Dataset entries
==============================

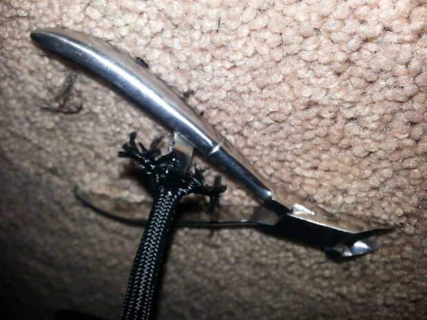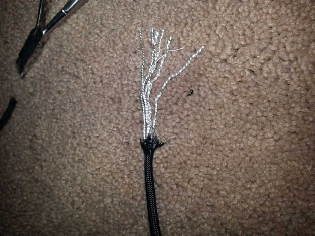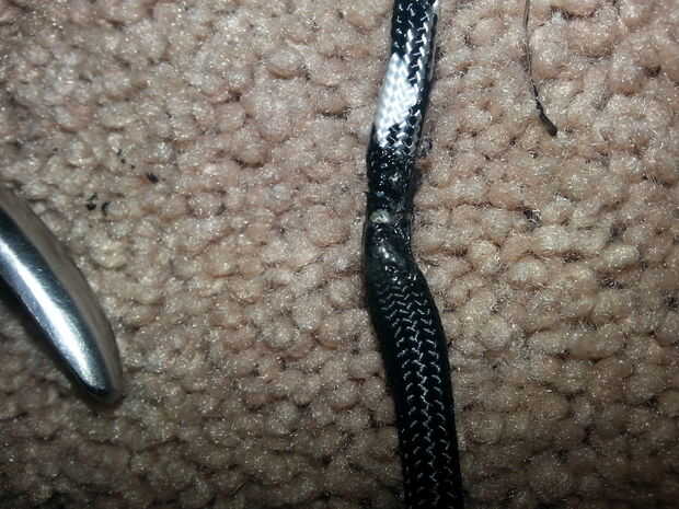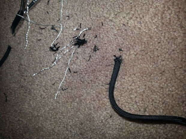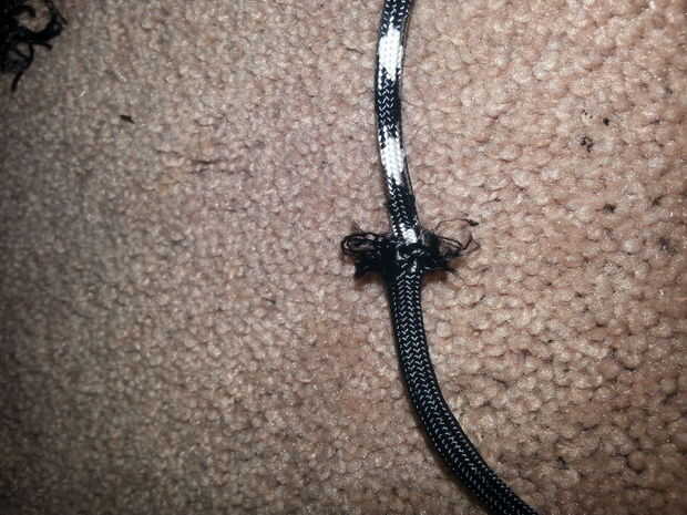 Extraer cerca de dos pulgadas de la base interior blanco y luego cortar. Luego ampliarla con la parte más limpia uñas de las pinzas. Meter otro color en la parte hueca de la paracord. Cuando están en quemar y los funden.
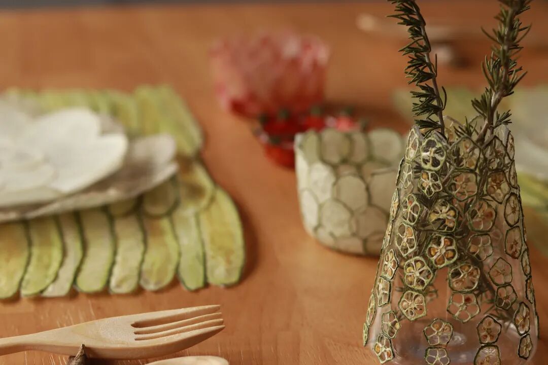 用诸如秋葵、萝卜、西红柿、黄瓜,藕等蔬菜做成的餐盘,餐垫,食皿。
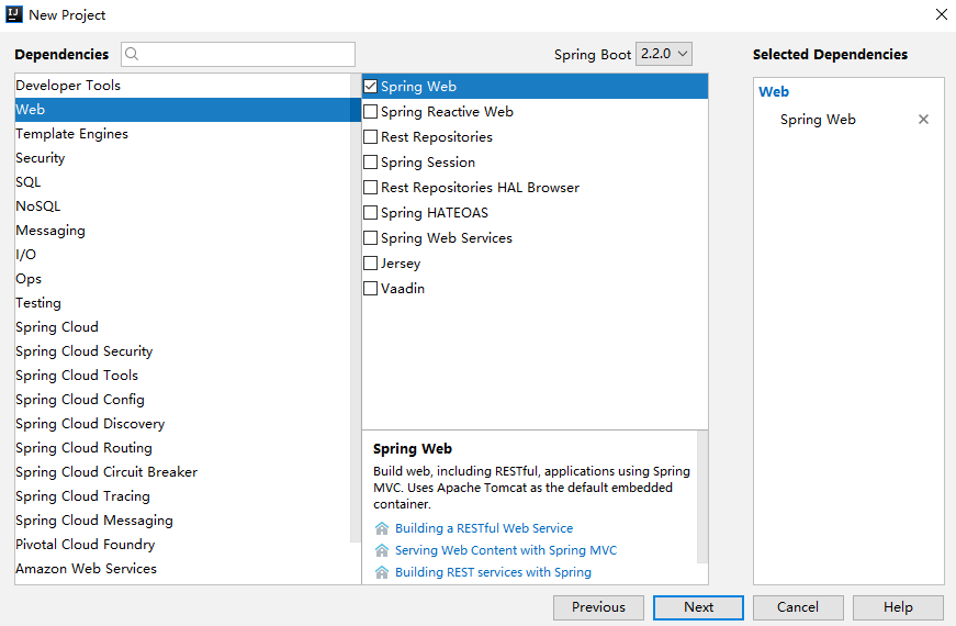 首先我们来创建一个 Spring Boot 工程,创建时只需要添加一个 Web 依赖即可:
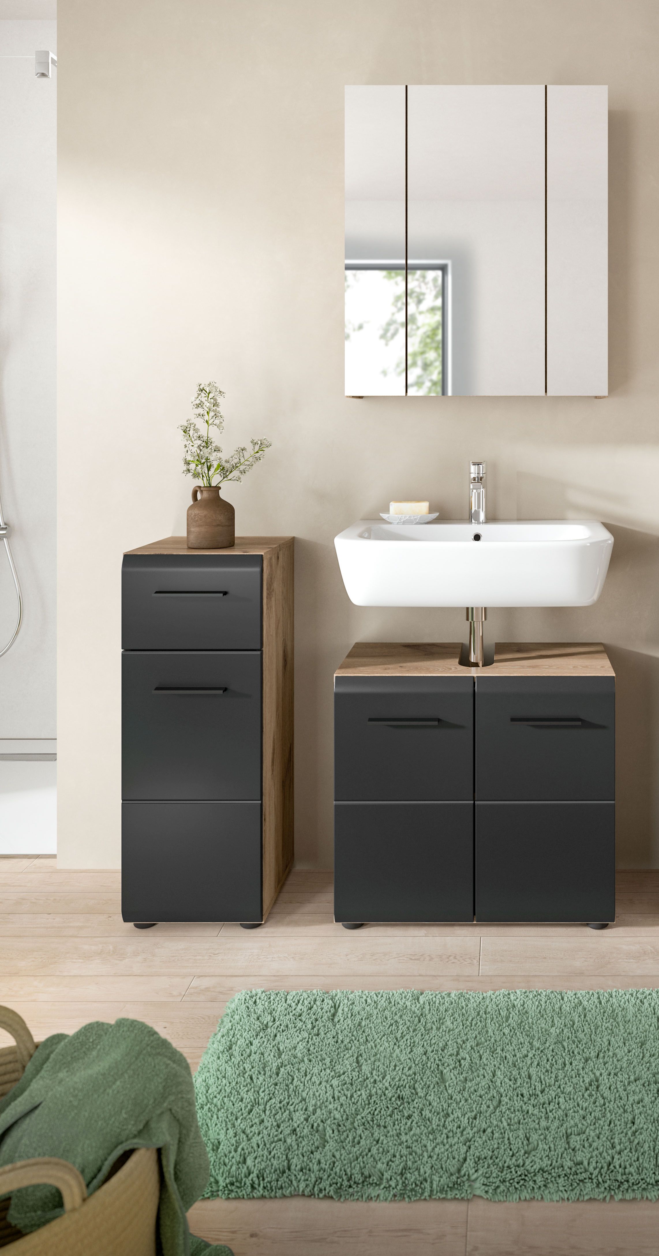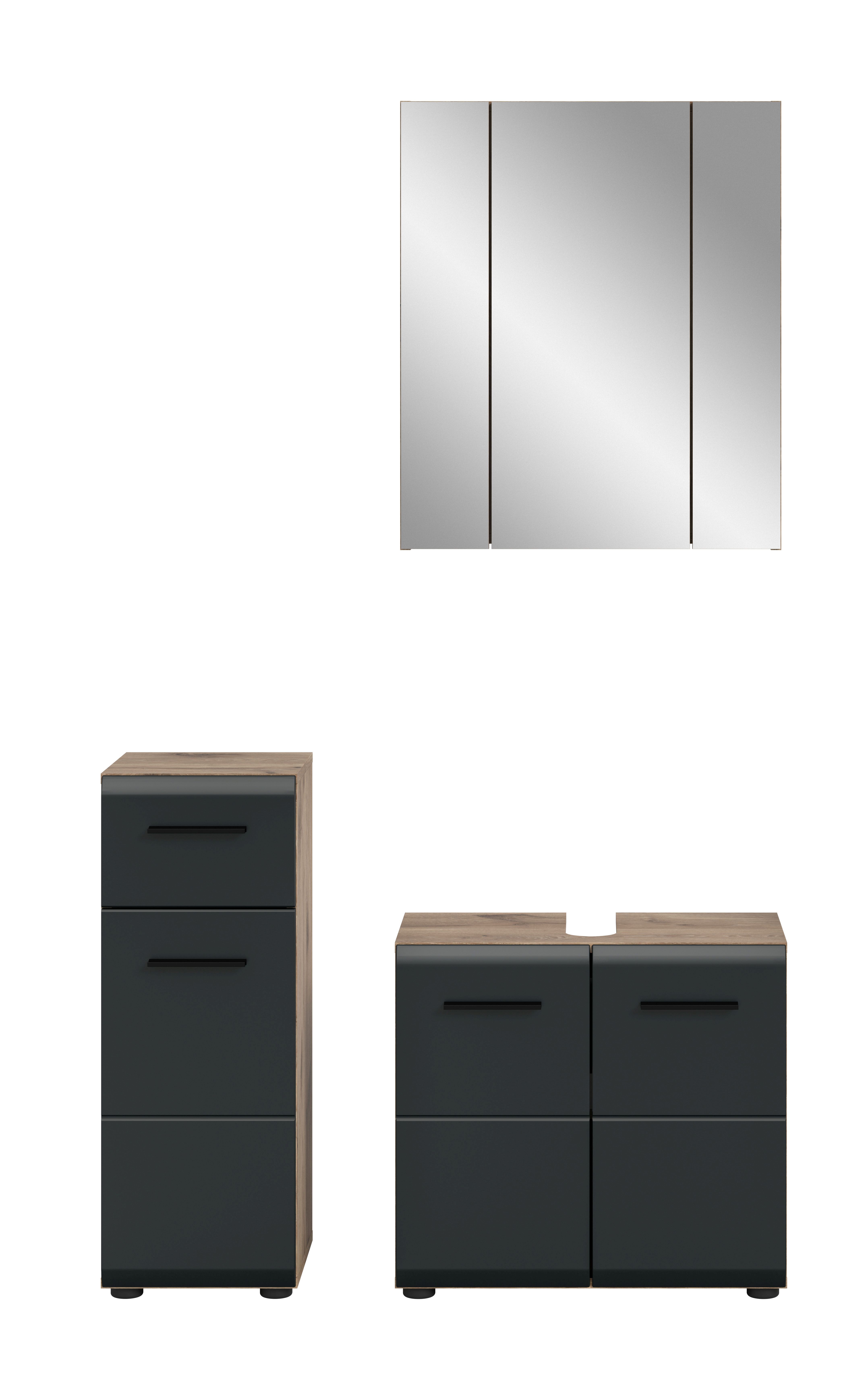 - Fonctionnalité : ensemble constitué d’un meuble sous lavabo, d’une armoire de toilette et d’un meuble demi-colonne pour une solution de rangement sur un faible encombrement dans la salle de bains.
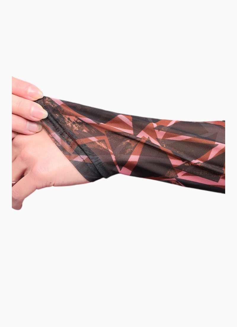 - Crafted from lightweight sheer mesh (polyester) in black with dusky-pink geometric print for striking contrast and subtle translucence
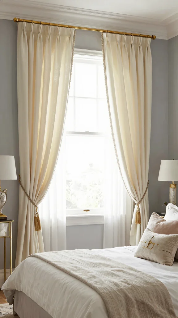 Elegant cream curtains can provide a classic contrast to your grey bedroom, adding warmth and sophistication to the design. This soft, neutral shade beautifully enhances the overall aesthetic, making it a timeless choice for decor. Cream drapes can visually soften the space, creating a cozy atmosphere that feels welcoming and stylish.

==============================

REQUIREMENT => A faithful copy of the data is required: each word kept, each picture omitted.

ANSWER FOR THIS EXERCISE =>
 Extraer cerca de dos pulgadas de la base interior blanco y luego cortar. Luego ampliarla con la parte más limpia uñas de las pinzas. Meter otro color en la parte hueca de la paracord. Cuando están en quemar y los funden.
 用诸如秋葵、萝卜、西红柿、黄瓜,藕等蔬菜做成的餐盘,餐垫,食皿。
 首先我们来创建一个 Spring Boot 工程,创建时只需要添加一个 Web 依赖即可:
 - Fonctionnalité : ensemble constitué d’un meuble sous lavabo, d’une armoire de toilette et d’un meuble demi-colonne pour une solution de rangement sur un faible encombrement dans la salle de bains.
 - Crafted from lightweight sheer mesh (polyester) in black with dusky-pink geometric print for striking contrast and subtle translucence
 Elegant cream curtains can provide a classic contrast to your grey bedroom, adding warmth and sophistication to the design. This soft, neutral shade beautifully enhances the overall aesthetic, making it a timeless choice for decor. Cream drapes can visually soften the space, creating a cozy atmosphere that feels welcoming and stylish.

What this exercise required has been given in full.